Barclays has indicated that the Reserve Bank of India (RBI) appears to be allowing the exchange rate to find a new trading range, influenced by various economic factors.
The bank predicts that the USD/INR rate could potentially reach around 84.40 in a gradual manner, although it also anticipates increased risks of retracement for every 0.5 unit change in the rate.
According to Barclays, the RBI’s stance comes amid rising prices, record high gold prices, a strengthening US dollar and escalating risk aversion in the region. These factors have helped foreign portfolio investors become net sellers of Indian equities in October. Despite a recent decline in crude oil prices, Barclays expects other balance of payments issues to persist in the near term, which could lead the RBI to tolerate a new USD/INR range.
Barclays also predicts that foreign investors will continue to reduce their overweights in Indian equities towards the end of the year.
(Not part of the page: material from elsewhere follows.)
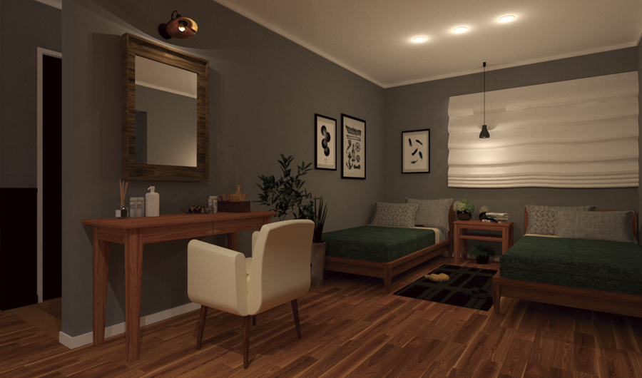 来客の目に触れにくい位置に配した寝室エリア。
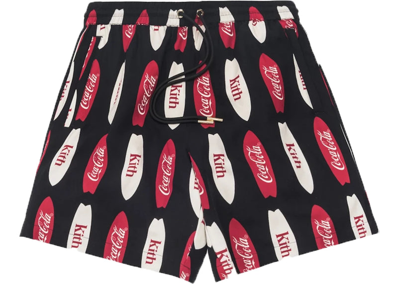 The Kith x Coca-Cola Surf Board Print Hardaway Shorts Black is now available at Side Kicks!

This trend may be driven by a slowdown in growth, uncertain domestic inflation prospects and a reassessment of emerging market positions ahead of the US elections in November.
However, the report notes that this is unlikely to cause a significant downturn in Indian stock indices due to strong domestic purchasing and the financialization of household wealth in India.
The financial institution suspects that the RBI’s recent margin in taking the USDINR above 84 could be due to the sharp appreciation in the nominal effective exchange rate (NEER) of the Indian rupee since late September.
Barclays’ analysis points to significant shifts in the INR NEER since 2000, with the most recent change occurring in 2020, which is in line with the RBI’s adjustments to its NEER calculations.
Barclays also mentioned that the International Monetary Fund (IMF) has reclassified India’s exchange rate regime from ‘floating’ to ‘stabilized’ from December 2022 to October 2023, based on the RBI’s exchange rate management. However, the RBI has disputed this reclassification, arguing that its interventions were aimed at addressing the market turmoil.